French chief visit draws the crowds
PUBLISHED: 12:31 03 April 2008 | UPDATED: 14:34 25 August 2010
LARGE numbers of well wishers gathered to see the French President and his wife take in London s maritime heritage.
LARGE numbers of well wishers gathered to see the French President and his wife take in London's maritime heritage.
Nicolas Sarkozy and his model-turned-singer wife, Carla Bruni, landed at Greenwich Pier last Thursday during Britain's first French state visit in 12 years.
The couple took a Thames Clipper to the site from Lancaster House in south-west London after visiting Arsenal's Emirates Stadium with Gordon Brown.
The French premier used the occasion to award English yachtswoman Ellen MacArthur the Legion d'Honneur in recognition of her devotion to maritime sports.

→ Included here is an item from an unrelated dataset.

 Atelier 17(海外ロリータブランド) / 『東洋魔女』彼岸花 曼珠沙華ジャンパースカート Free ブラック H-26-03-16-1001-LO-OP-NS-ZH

In 2005, Dame Ellen landed in Greenwich after completing a record breaking solo voyage around the world in 71 days.
Duncan Wilson, chief executive of the Greenwich Foundation, which oversees the Old Royal Naval College, met Mr Sarkozy on his arrival and led him into the college.

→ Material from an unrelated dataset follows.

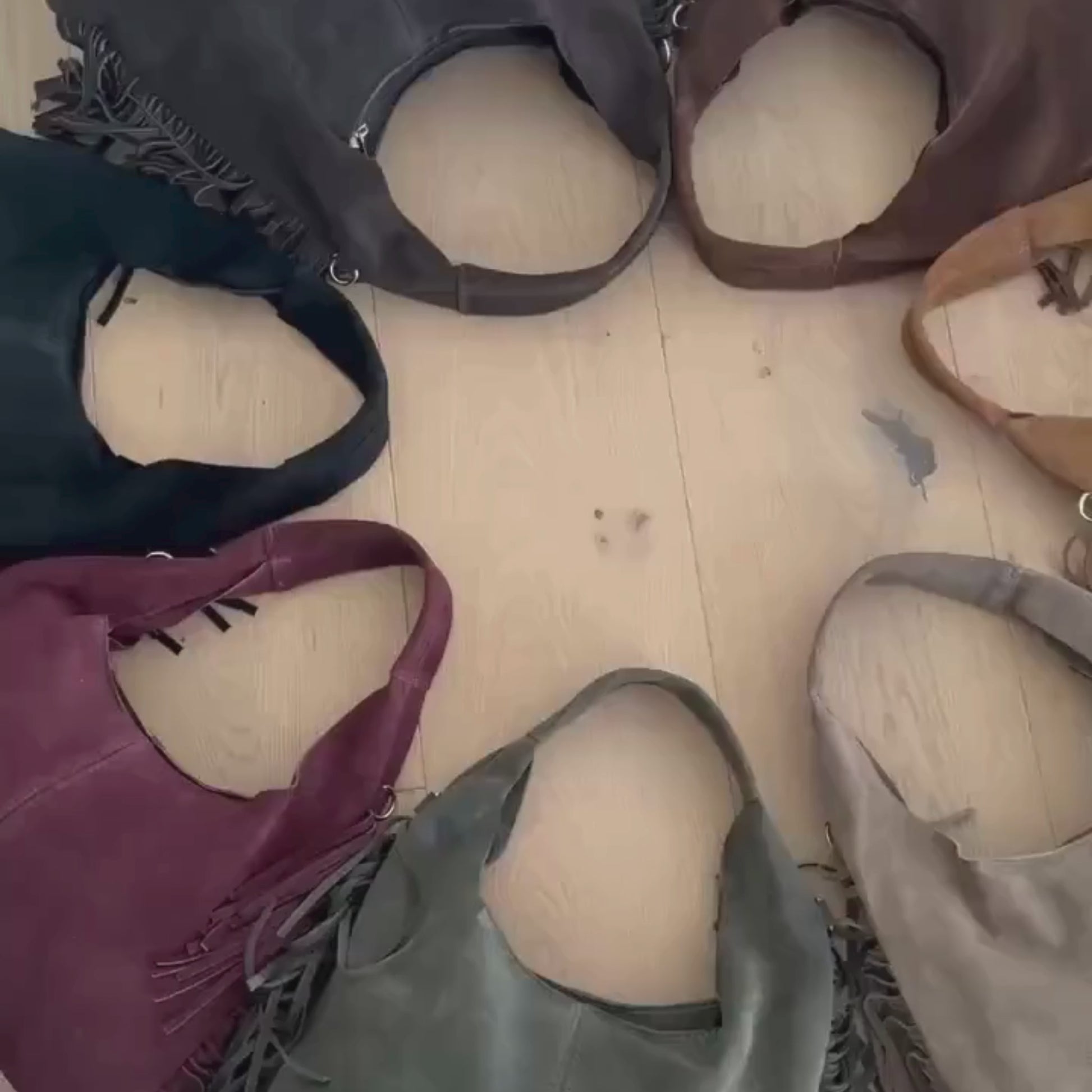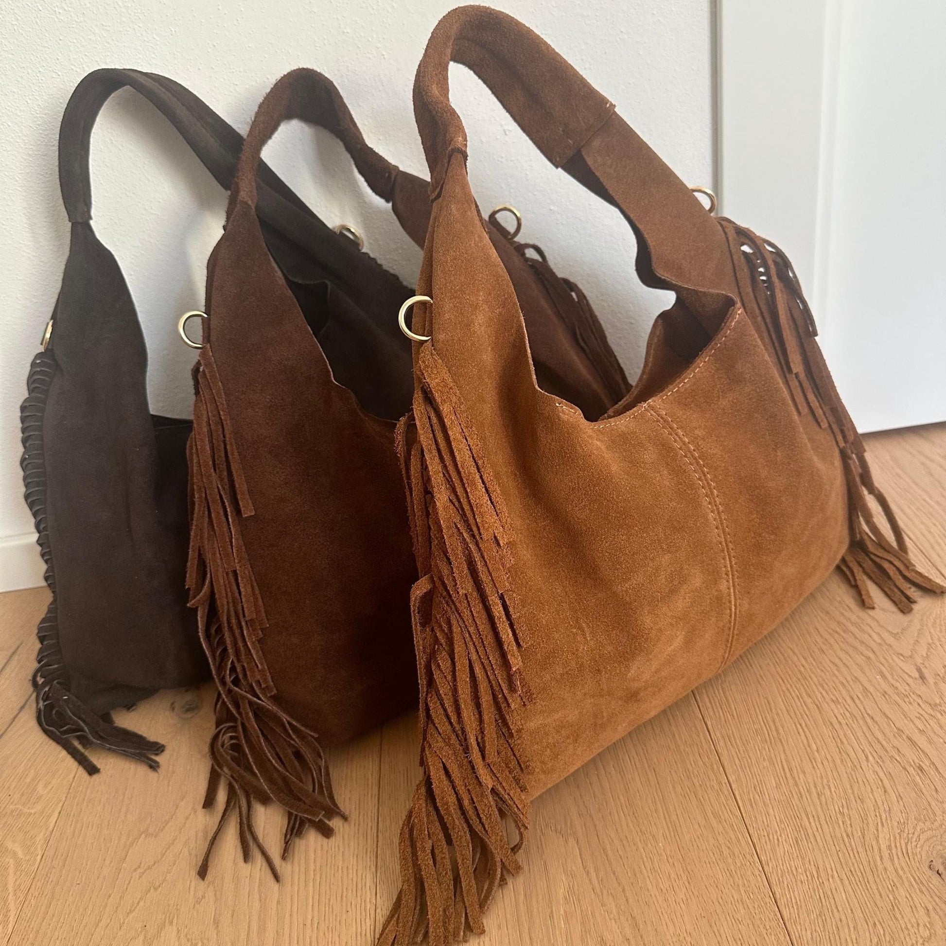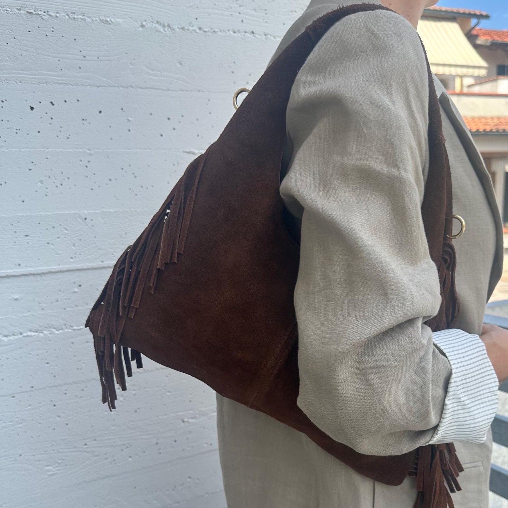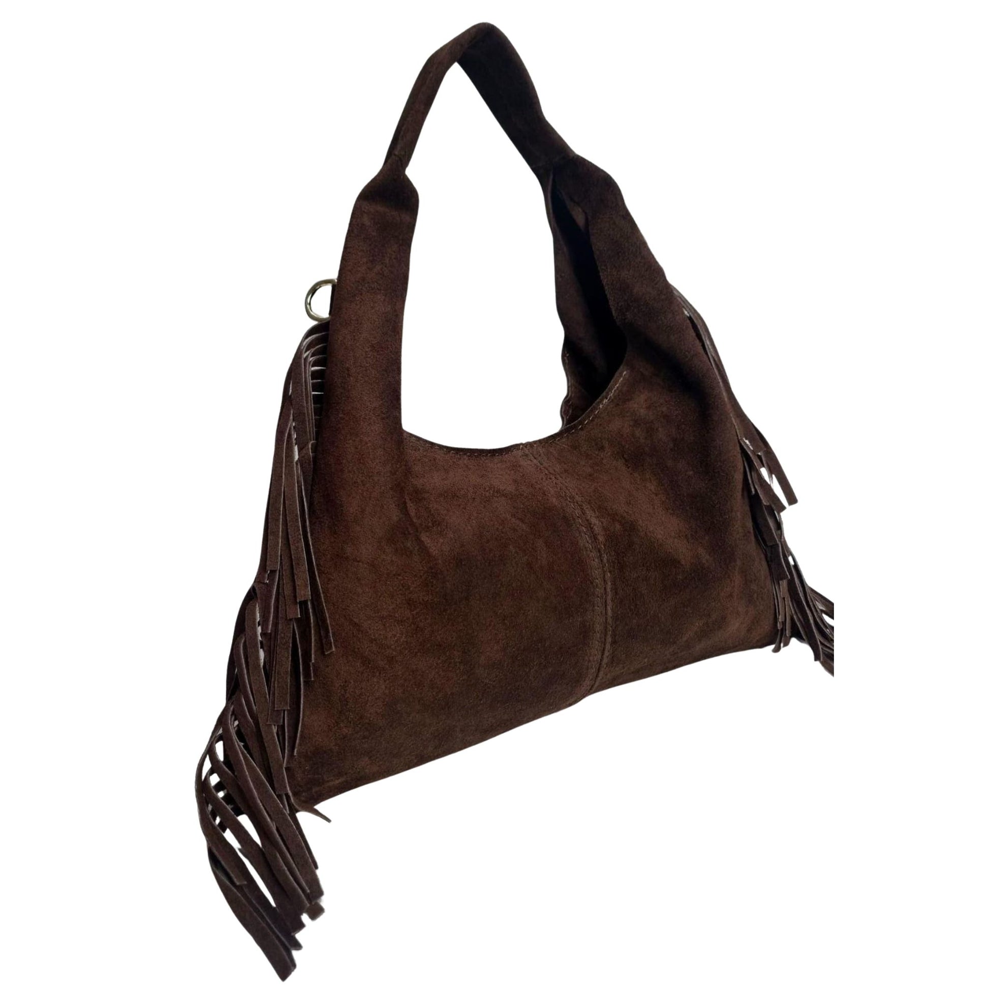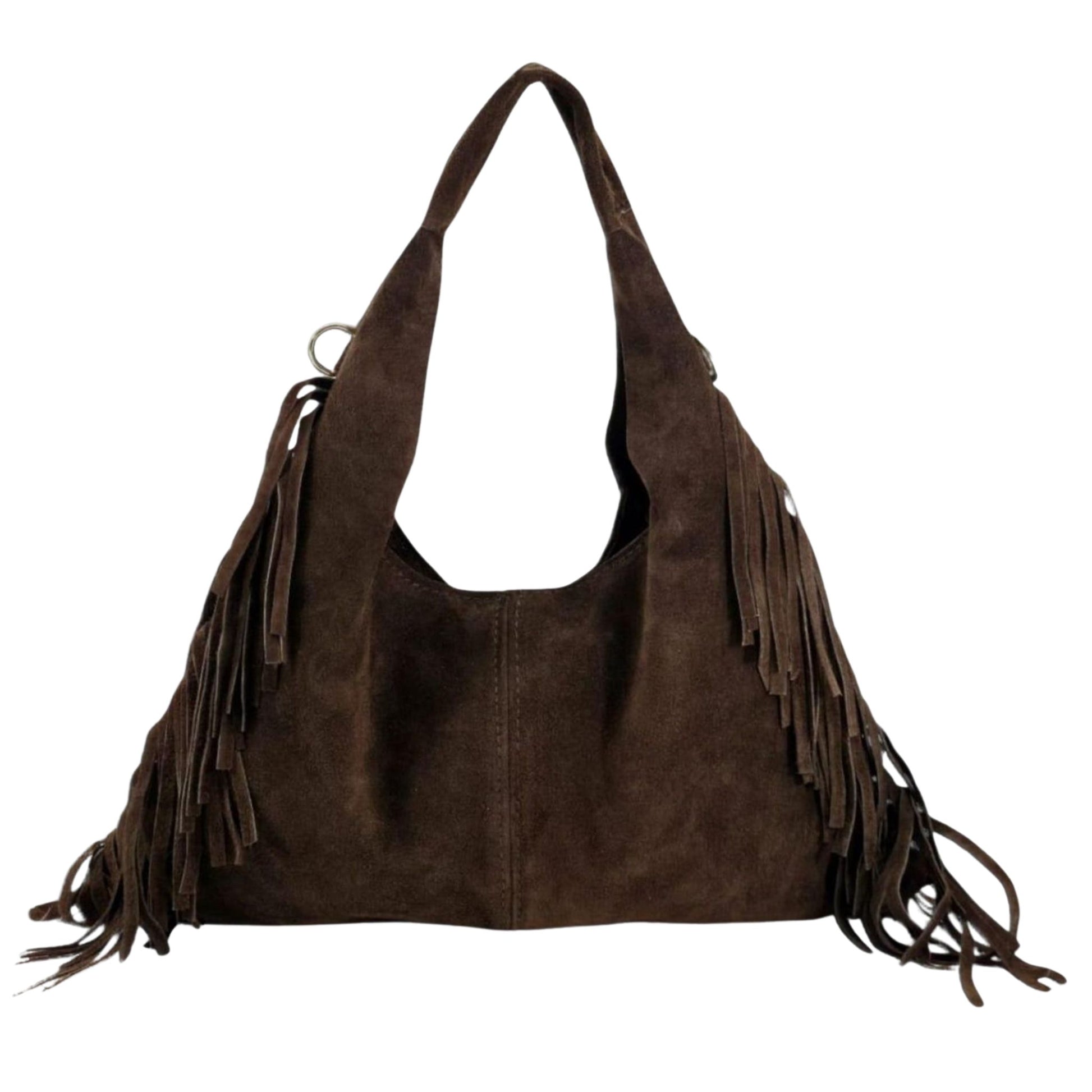 Bolso de ante y flecos laterales de forma triangular, con asa principal e interior con bolsillo lateral

He said: "He was very interested in the history of the place and the fact that Christopher Wren, the college's architect, had taken his inspiration from the De San Invalides.

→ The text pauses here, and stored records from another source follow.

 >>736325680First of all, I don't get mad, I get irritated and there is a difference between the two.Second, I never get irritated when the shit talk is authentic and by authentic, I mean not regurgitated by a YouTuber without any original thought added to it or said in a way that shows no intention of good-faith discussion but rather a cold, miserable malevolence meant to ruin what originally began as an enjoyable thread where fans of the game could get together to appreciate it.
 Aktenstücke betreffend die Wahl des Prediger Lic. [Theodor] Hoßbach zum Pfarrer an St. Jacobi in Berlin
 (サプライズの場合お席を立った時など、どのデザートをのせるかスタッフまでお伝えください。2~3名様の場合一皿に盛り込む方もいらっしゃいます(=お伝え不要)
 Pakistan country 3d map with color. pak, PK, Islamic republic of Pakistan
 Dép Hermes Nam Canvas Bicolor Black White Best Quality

"He came especially for our area's maritime history. That was quite flattering really. He seemed to take it with some gravity.
"French people take maritime history very seriously. I think Ellen MacArthur is as famous in France as she is in Britain.
"He was speaking in French and so were we, so the conversation was a bit cumbersome."
The Mayor of Greenwich, Sajid Jawaid, and council leader Chris Roberts greeted the presidential couple in the Old Royal Naval College grounds.
Mr Roberts said: "The fact that President Sarkozy personally asked to visit Greenwich as part of his tour shows just how important the borough is on the international stage.
"Every year we welcome millions of visitors from across the world who come to appreciate the World Heritage Site and soak up Greenwich's rich maritime history."
Mr Sarkozy made a speech inside the college's Painted Hall, calling for closer relations between Britain and France.
Admiral Lord Nelson was laid in state in the Painted Hall in 1806 after the Anglo-French Battle of Trafalgar.
The Sarkozys later enjoyed a banquet at the Guildhall in the City of London, completing their three day state visit.